Nature's weird cheats
By Taylor Wildlife, Oct 2 2018 10:51AM
Without wanting to state the obvious - wasps and bees can sting. And although it might feel like they're just out to ruin summer picnics, these stings are intended to work as a defence against predators. Wasps and many bees are boldly striped with colours that act as a warning to predators: don't try to eat me or i'll sting you! Many insect-eating birds and mammals learn to leave these insects along and opt for a less hazardous food option instead.
These warning colours are so effective that even non-stinging insects with similar colour patterns often spared and hence it becomes advantageous to sport a black-and-yellow uniform even if you are not in possession of a stinging apparatus. The evolutionary selection of non-dangerous animals look dangerous is called Batesian mimicry. Many insect groups evolved to mimic wasps and bees independently of each other, including many longhorn beetles, hoverflies, and clearwing moths. This evolutionary selection of non-dangerous animals to look like dangerous animals is called Batesian mimicry. On our survey sites we observe many species which display Batesian mimicry, and we'll discuss two of those before.
Bog hoverfly (Sericomyia silentis)
The larvae of the bog hoverfly develop in bog pools that are too acidic for many other insects. In order to obtain enough oxygen in this still and oxygen-poor water water, the larvae possess a long straw-like tube at the end of their abdomen with which they manage to obtain oxygen from the water surface. The adult flies are commonly seen feeding on flowers on the moors in late summer and have yellow and black bands over their body, similar to the markings wasps have. They can, however, be disguished from wasps (along with other wasp-mimicking flies) by looking at the following traits:
(1) Wasps and bees have two pairs of wings, but flies only have one set of wings.
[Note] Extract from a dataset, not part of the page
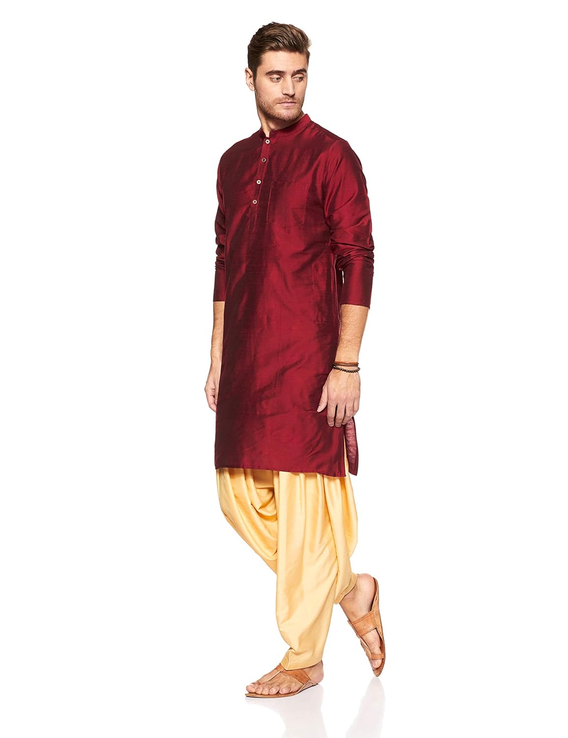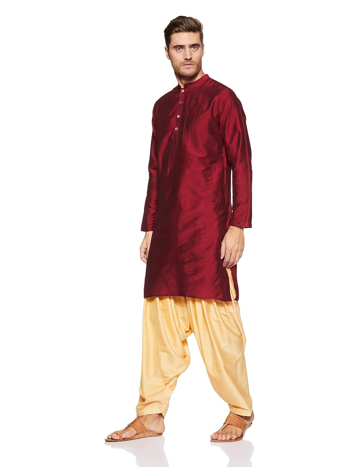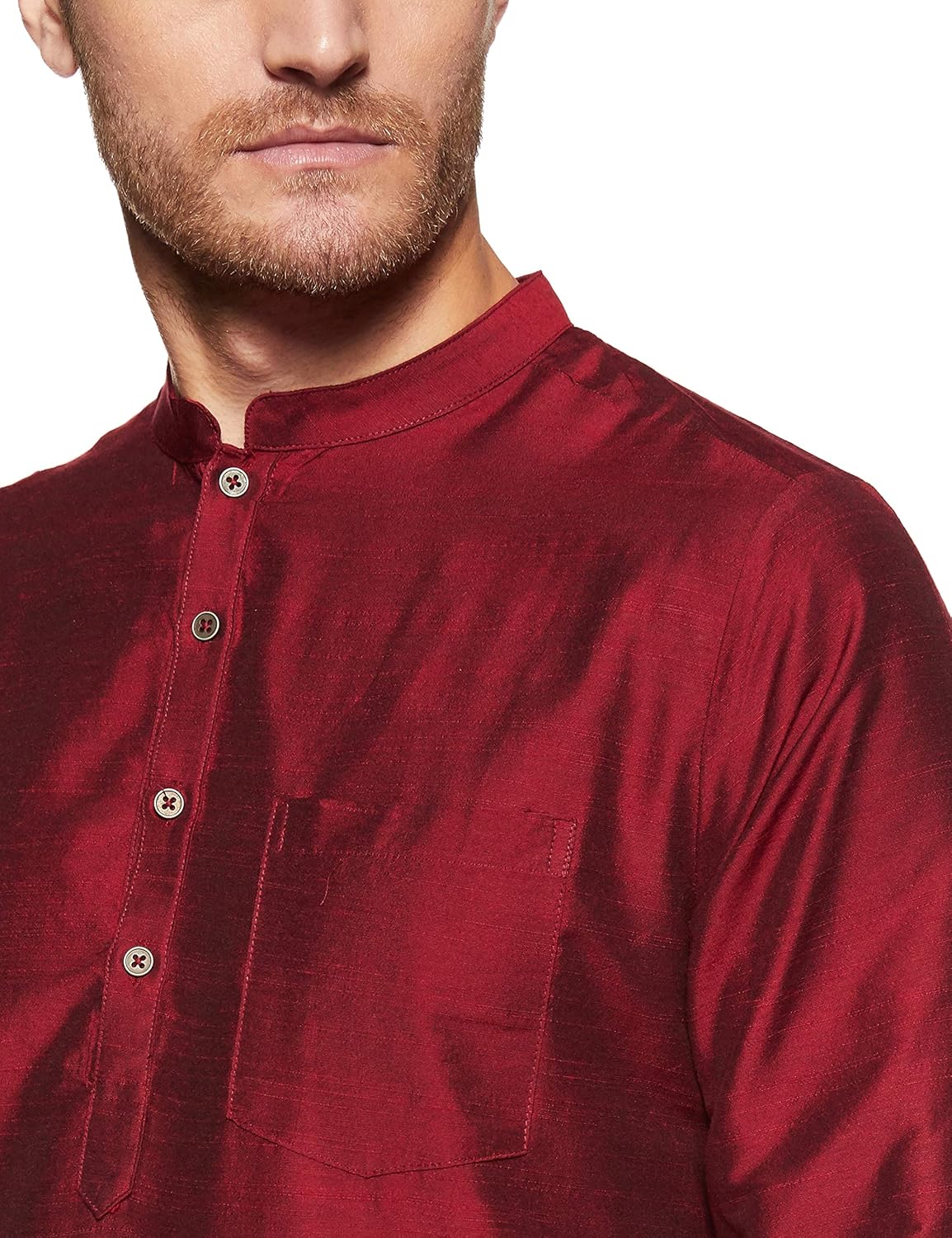Maroon coloured solid kurta, featuring full sleeves, mandarin neck and regular fit pattern. Made from superior quality fabric for maximum comfort. |

(2) Stinging wasps and bees have a narrow 'wasp waist'. Flies do not have this.
(3) Wasps and bees have biting jaws, whereas flies have an enlarged proboscis with a labellum attached. The labellum is comparable to a large tongue which they use in feeding.
Bumblebee hoverfly (Volucella bombylans)
Like the previous species, the bumblebee hoverfly mimics a more dangerous species, and actually goes one step further than the bog hoverfly. The larvae of these hoverflies live on organic debris on the inside of bumblebee nests. This species also has different colour varieties, which look like different bumblebee species. There are yellow and black striped flies with white-haired bums which resemble buff-tailed bumblebees (Bombus terrestris), and black and orange flies that look like red-tailed bumblebees (Bombus lapidarius).